Bogolu Haranath's picture

Excellent article ........... Still trying to digest all the information .............. May be I have to read it couple of more times ..........

Bogolu Haranath's picture

If you are serious about audio, sound production and re-production, this is one of the "must read" articles ..........

dalethorn's picture

"With the advent of cheap domestic digital playback systems in the near future, the 'joins' in that montage will be all the more apparent, and thus at last the consumer will be able to put real pressure on the record companies." -- I suppose we did in fact put some commercial pressure on them, but instead of converging to a more realistic image, we've split into different camps with different philosophies. The joy of digital as it were.

And it's not like headphones have made things better, except perhaps in remastering older recordings. In remastering you see, it's like oldies radio - you aren't going to hear all the crap they played along with the "better" stuff back then - you have the advantage of hearing just the "better" recordings hand selected for those playlists.
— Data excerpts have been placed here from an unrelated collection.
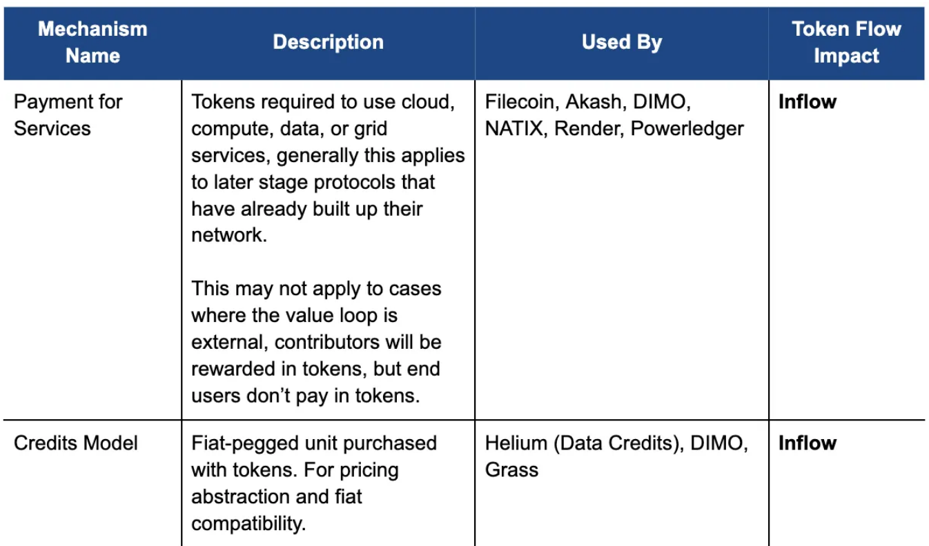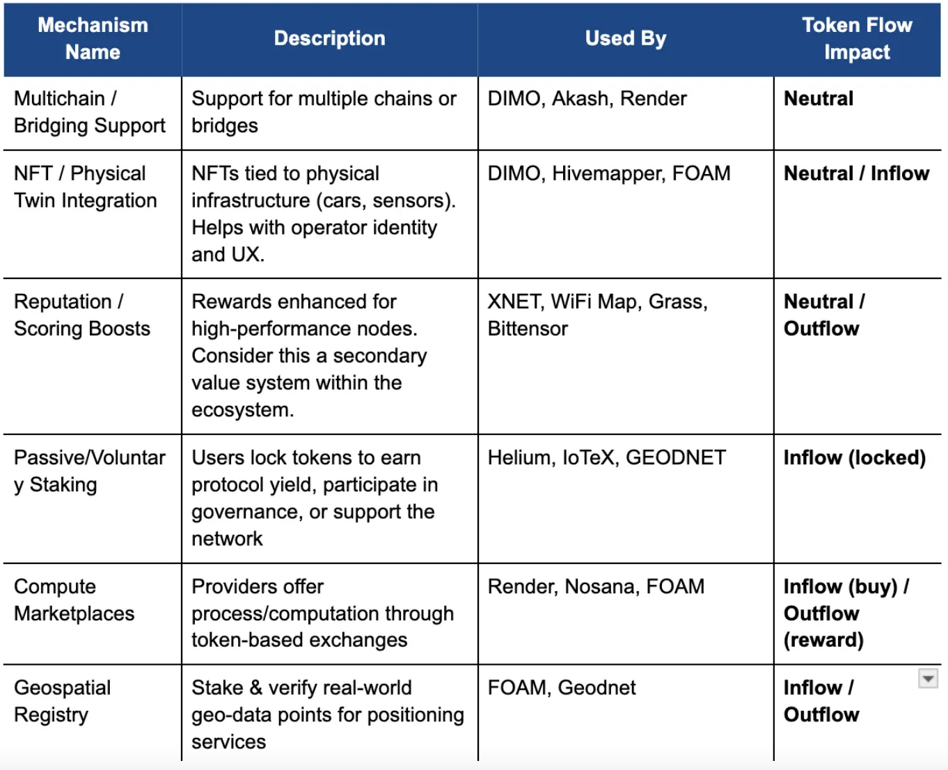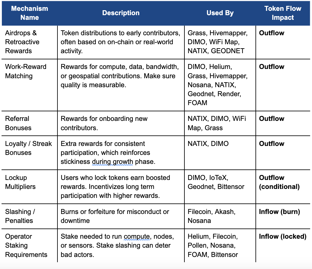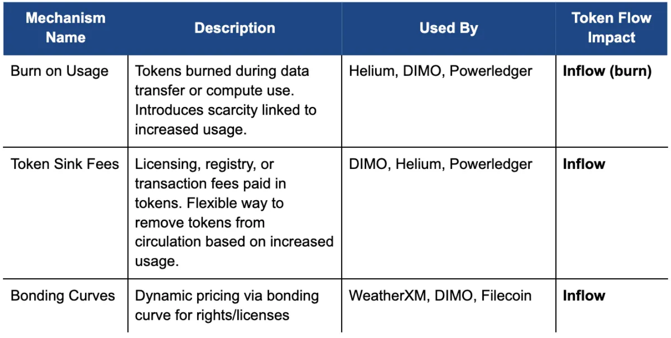Of course, no two DePIN protocols are exactly alike. Token design choices should reflect the unique needs of the network — its cost structure, user behavior, and growth trajectory. The tables below outlines a wide range of token mechanisms used across DePIN protocols today, from baseline issuance and bonding curves to staking, slashing, and fee sinks. Each mechanism plays a role in shaping token utility, velocity, and long-term value.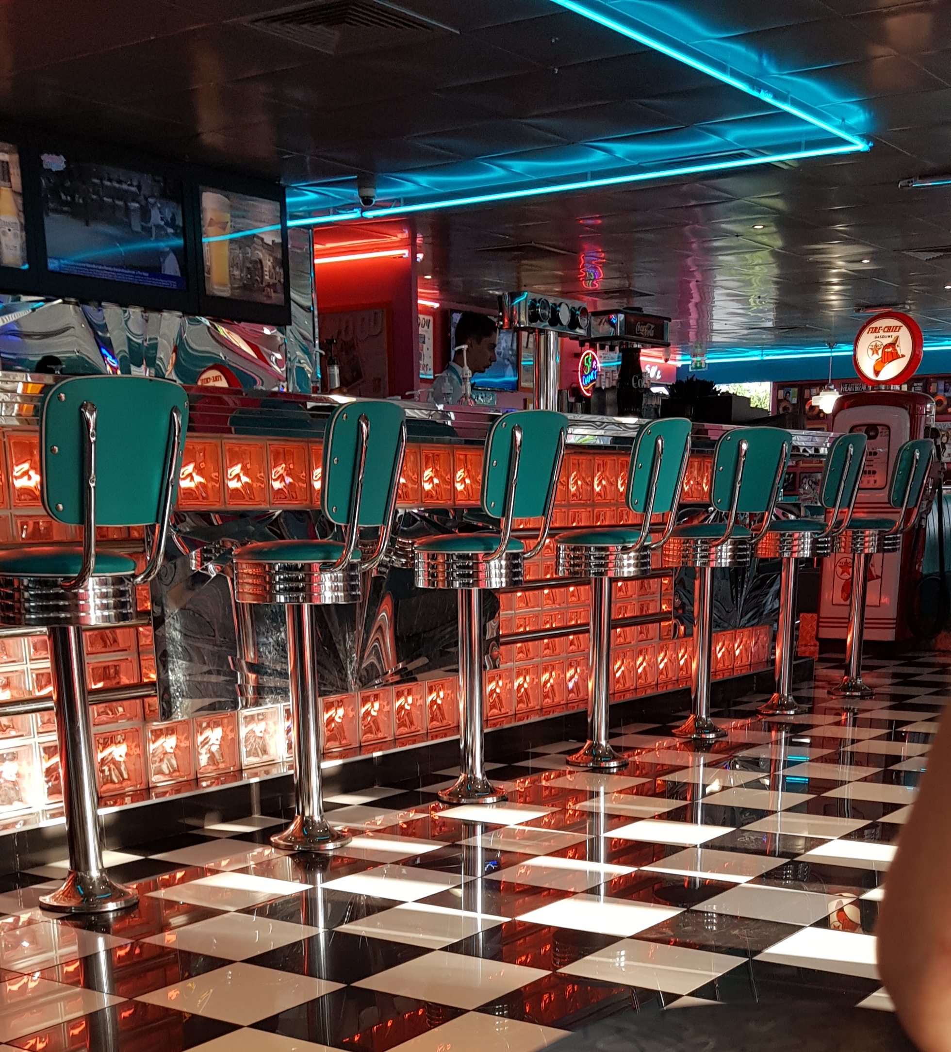 Personnel compétent et sympathique, ambiance 'Diner' bien reconstituée. Bonne cuisine aussi. Bref, j'ai passé un bon moment et je recommande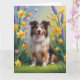 Cartão Cão Collie Áspero Pintura de Flores de Primavera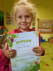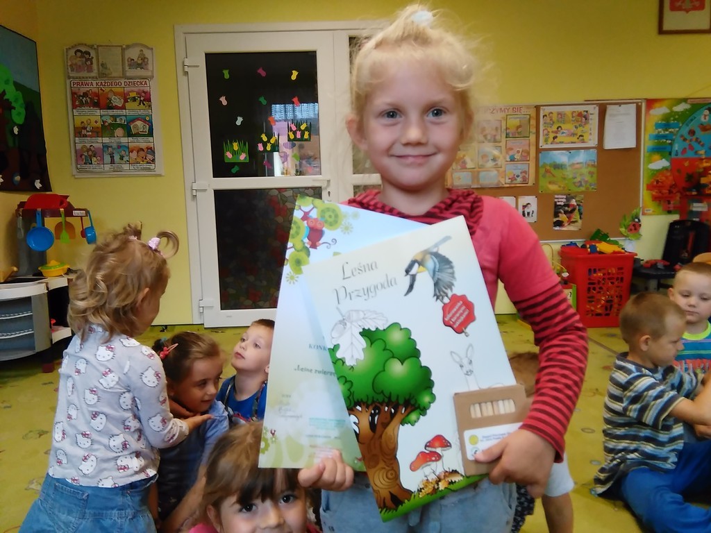 Dziś Pan Listonosz przyniósł do przedszkola pokaźną kopertę i od razu zaczęliśmy się domyślać, co w niej jest. Nadleśnictwo Gościeradów doceniło pracę plastyczną Marysi "Leśne zwierzęta przyjaciółmi dzieci". Dziewczynka otrzymała nie tylko dyplom pamiątkowy, ale również nagrodę rzeczową związaną z tematyką leśną. Brawo!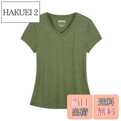 【送料無料】[KEFITEVD] 半袖tシャツ レディース 大きいサイズ vネック ランニングシャツ ゆったり ストレッチ ピラティス ヨガウェア 吸汗速乾 涼しい 夏服 グリーン L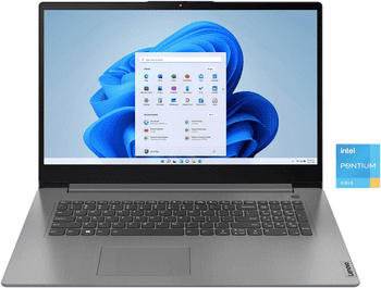 Von der Marke Lenovo stammt das Notebook IdeaPad 3 17IAU7. Auf dem großzügigen 17,3 Zoll-Bildschirm lassen sich Fotos, Filme und Anwendungen in hochauflösender Qualität genießen. Das vorinstallierte Betriebssystem Windows® 11 Home lässt dich direkt mit der Arbeit beginnen. Peripheriegeräte und einen Bildschirm kannst du einfach per USB- sowie HDMI-Schnittstelle anschließen. Für Video-Chats, Fotos und Filme eignet sich die in der Frontseite eingebaute Web-Cam. Wenn du einen Laptop suchst, der ein Betriebssystem vorinstalliert hat und über praktische Anschlussmöglichkeiten verfügt, ist dieses Modell eine gute Option. Als Alternative zum klassischen Computer auf deinem Schreibtisch eignet sich der Lenovo-Laptop dank seines 17,3 Zoll Displays. Ein gutes Bild wird durch die HD+-Auflösung mit 1600 x 900 Pixeln erreicht.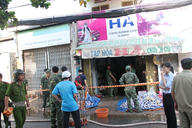 Lực lượng Cảnh sát PCCC quận 12 cùng các đơn vị phối hợp cứu hỏa đến hơn 9 giờ sáng.

Unless of course you're streaming, where you have to wade through the umm, "lesser" material.

Bogolu Haranath's picture

In my opinion, modern headphones (and in-ear 'phones) are saving high-end audio ......... They are lot less expensive compared to the loudspeaker based systems and lot more portable ...........

Glotz's picture

This will helpful for a lot of neophytes wanting to learn more about sound perception and further hammers home the need for exacting controls when listening critically.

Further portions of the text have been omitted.